In generative AI, the context window refers to input data (e.g. text) that a model considers before generating output (e.g. more text). Models with small context windows are inclined to forget the content of even very recent conversations, while models with larger contexts often avoid this danger.
Arctic LLM's context ranges from about 8,000 to about 24,000 words, depending on the tuning method – well below that of models like Anthropic's Claude 3 Opus and Google's Gemini 1.5 Pro.

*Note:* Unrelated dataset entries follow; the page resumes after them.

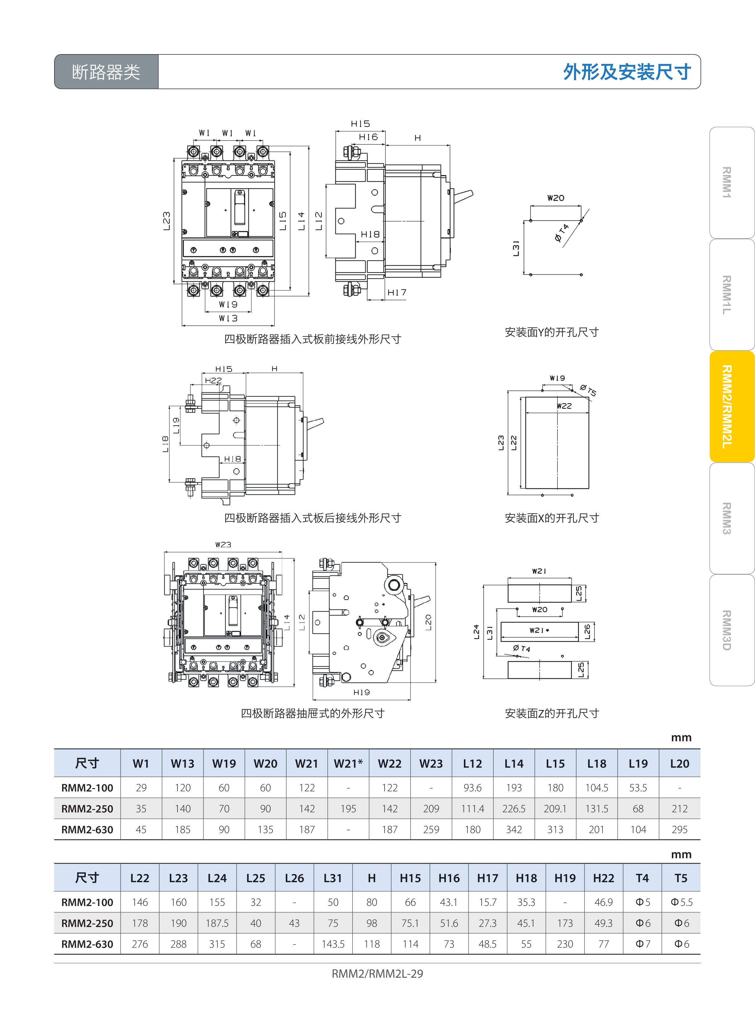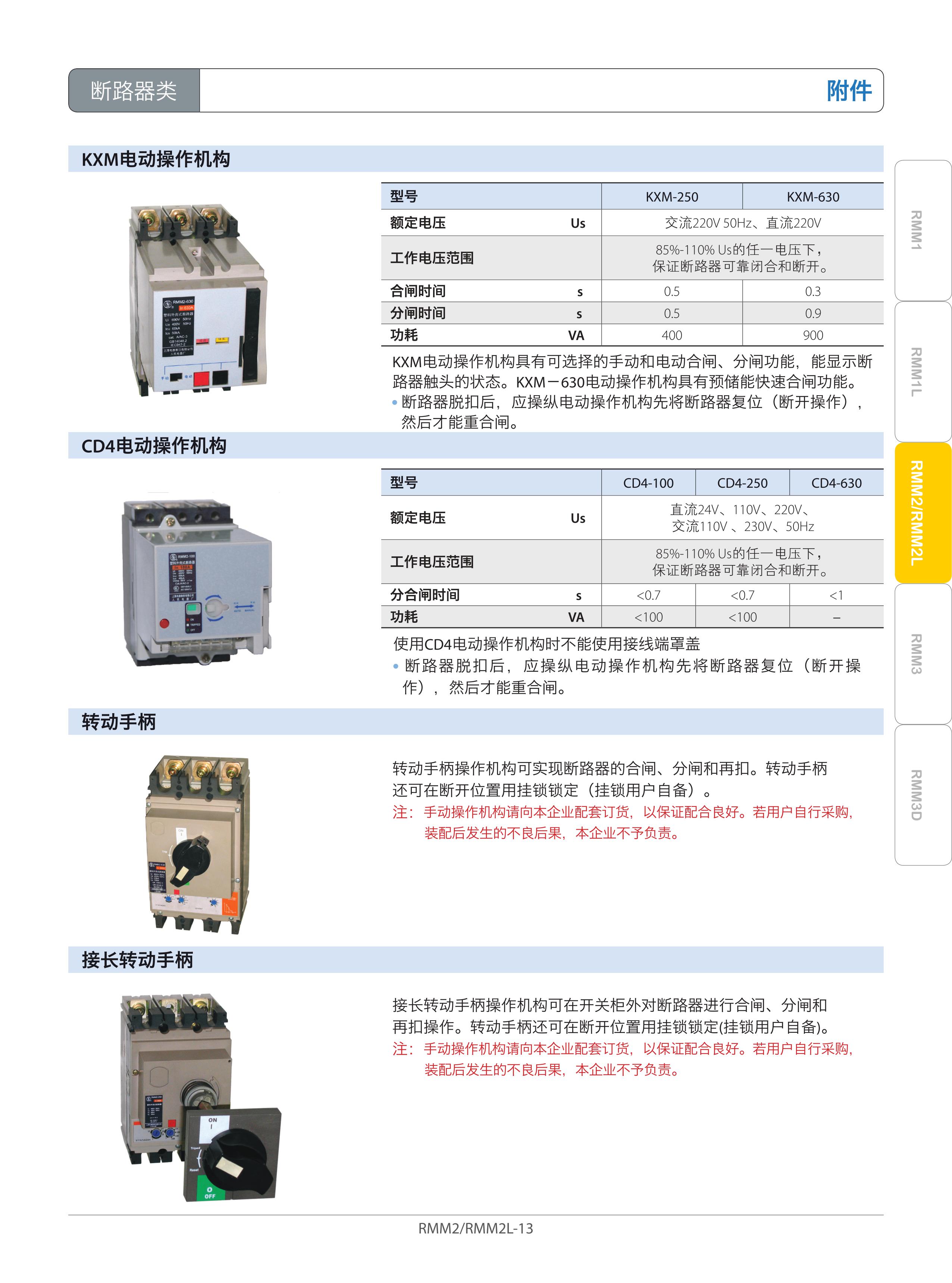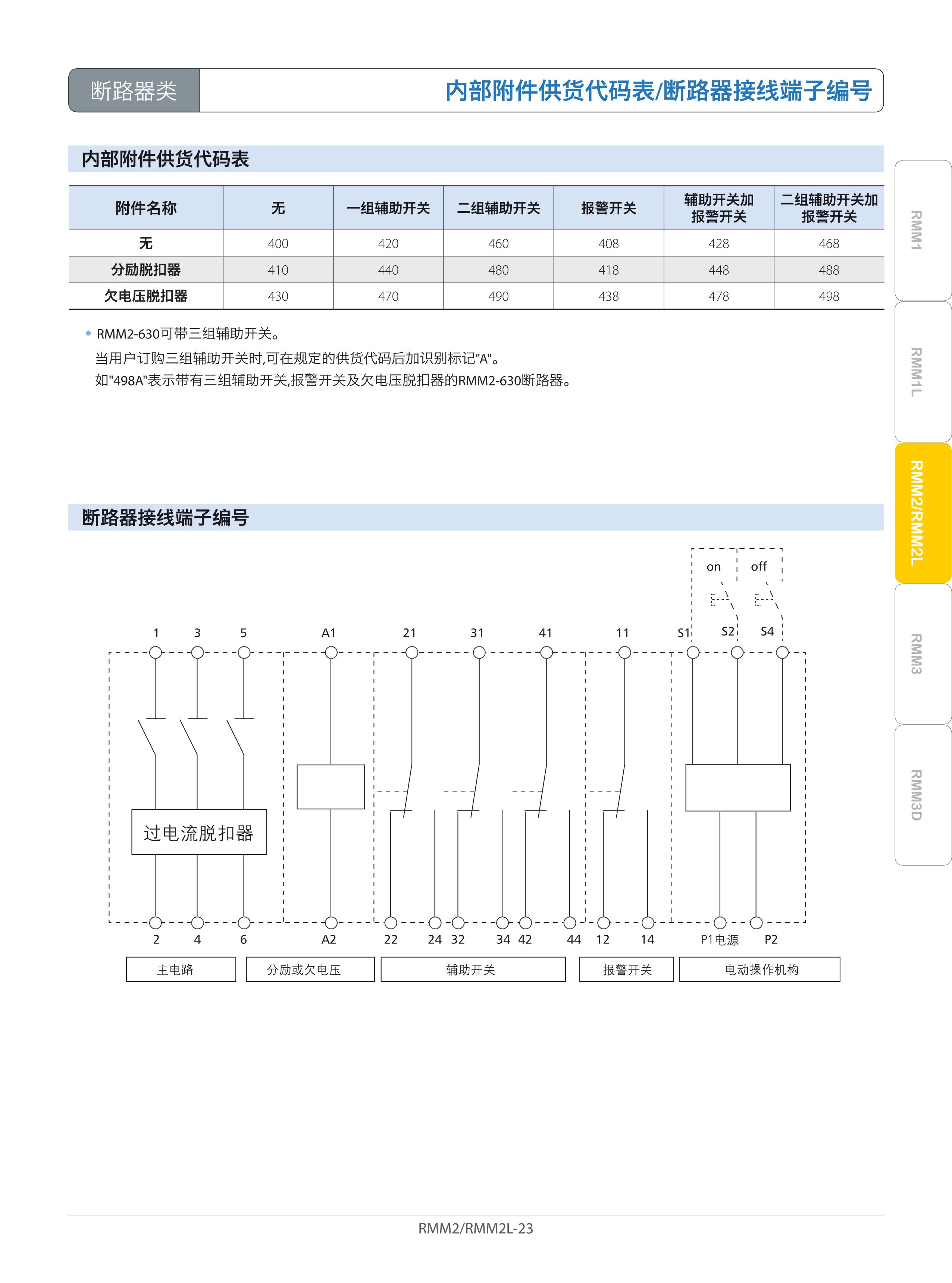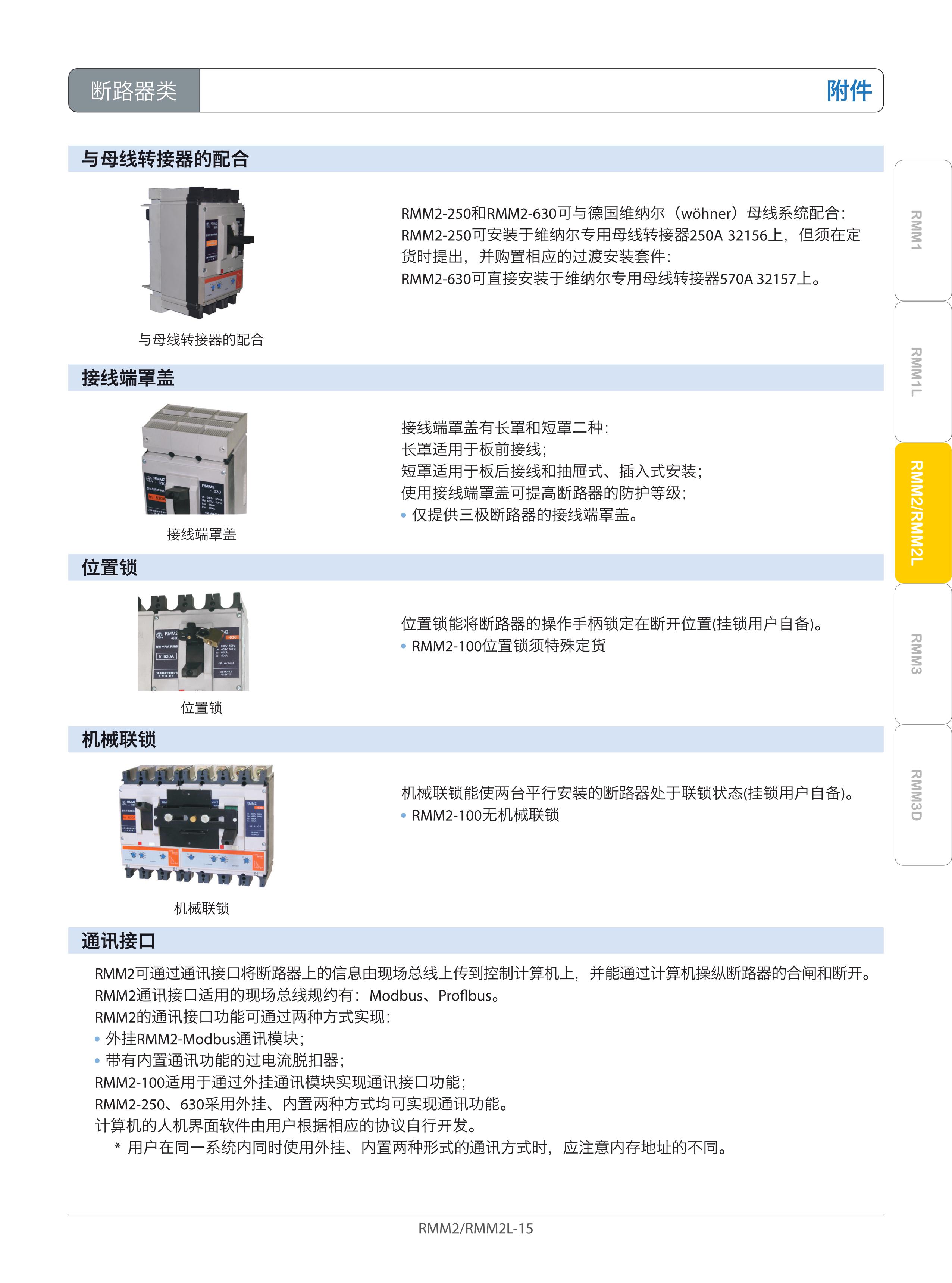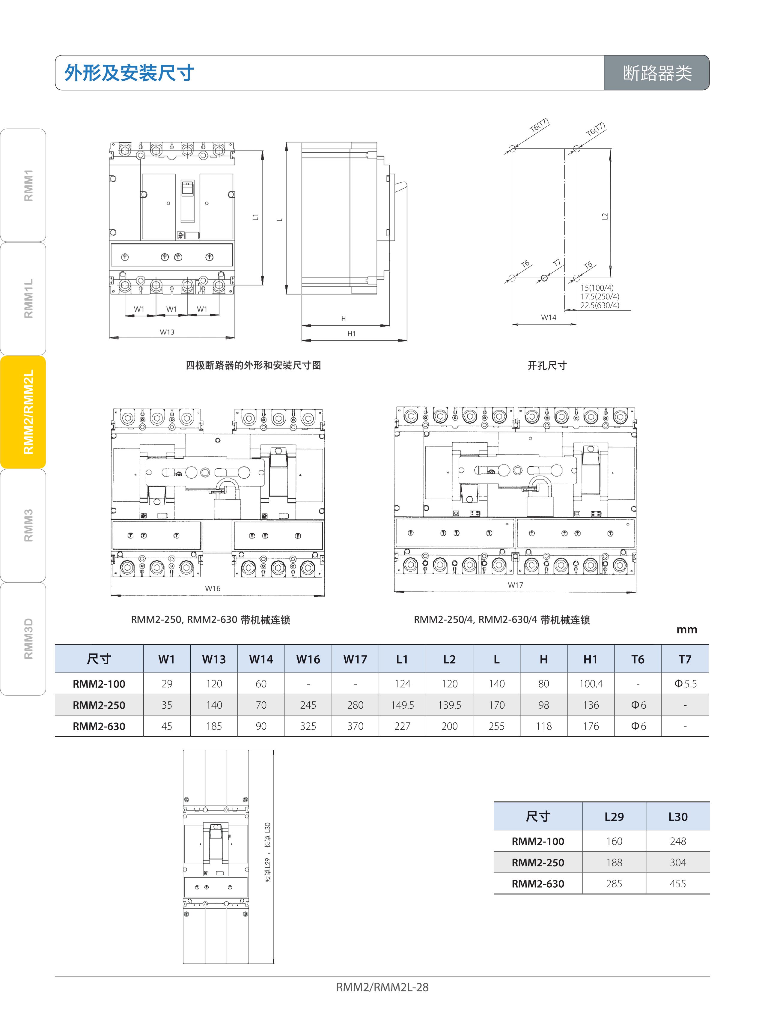 注:断路器一般为上进线,下出线,若用户要求RMM2-250、630下进线,应作为特殊订货提出。
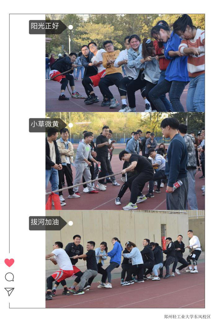 11月8日下午,郑州轻工业大学研究生会组织的趣味运动会在两校区操场上火热进行。本着“树立健康第一”的理念,15个学院的广大研究生积极参与了本次运动会,共计40余支参赛队伍。
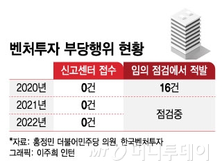 신고건수는 없지만 실제 부당행위가 근절된 것은 아니다. 신고센터가 설치된 2020년에만 한국벤처투자는 모태펀드 자펀드 투자계약서 점검에서 16건의 부당행위를 적발했다. 2015년부터 2020년까지 6년간 적발건수를 누적하면 126건에 달한다. 이마저도 전체 투자 건수가 아닌 임의 점검에서 드러난 결과다.
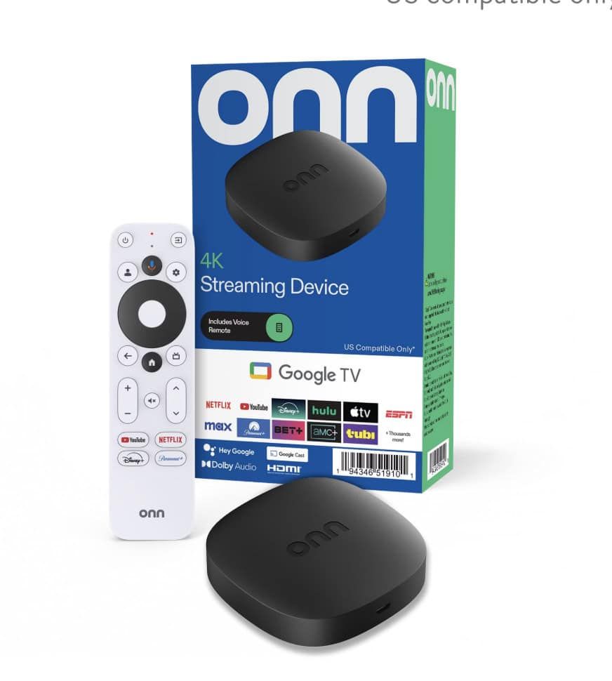 Add 4K Google smarts to any screen for just $19.88 with the onn. Google TV 4K Streaming Box.
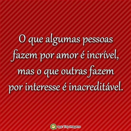 O que algumas pessoas fazem por amor é incrível, mas o que outras fazem por interesse é inacreditável.
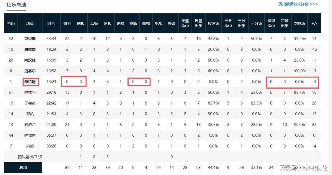 同样是后卫,与于德豪相比,拿着顶薪600万的高诗岩就差多了,他继续着他打铁的风采和特点,全场毫无手感,2投0中,一分不得。交出惨淡的数据:0分0抢断,甚至0罚球,正负值是负。更令高诗岩尴尬的是,因为于德豪打得好,主教练邱彪弃用了高诗岩,仅让他打了13分钟,比于德豪少打了9分钟。上一场高诗岩轮休,山东队也战胜了北京队。山东队赢球有一条规律,那就是高诗岩不上场或是少上场山东队赢球的概率就大,反之赢球的概率就小。

Snowflake doesn't mention it within the marketing, but Arctic LLM almost definitely suffers from the identical limitations and shortcomings as other generative AI models – namely hallucinations (i.e. self-aware, incorrectly answering queries). That's because Arctic LLM, like every other generative AI model in existence, is a statistical probability engine – a machine that, in turn, has a small window of context. It uses quite a lot of examples to guess which data makes essentially the most “sense” to position where (e.g. the word “go” before “the market” within the sentence “I am going to the market”). Inevitably you’ll guess fallacious – and that could be a “hallucination”.
As Devin writes in his article, we will only look ahead to incremental improvements in the sphere of generative AI until the following major technical breakthrough. But that won't stop vendors like Snowflake from glorifying them as great achievements and marketing them in every way possible.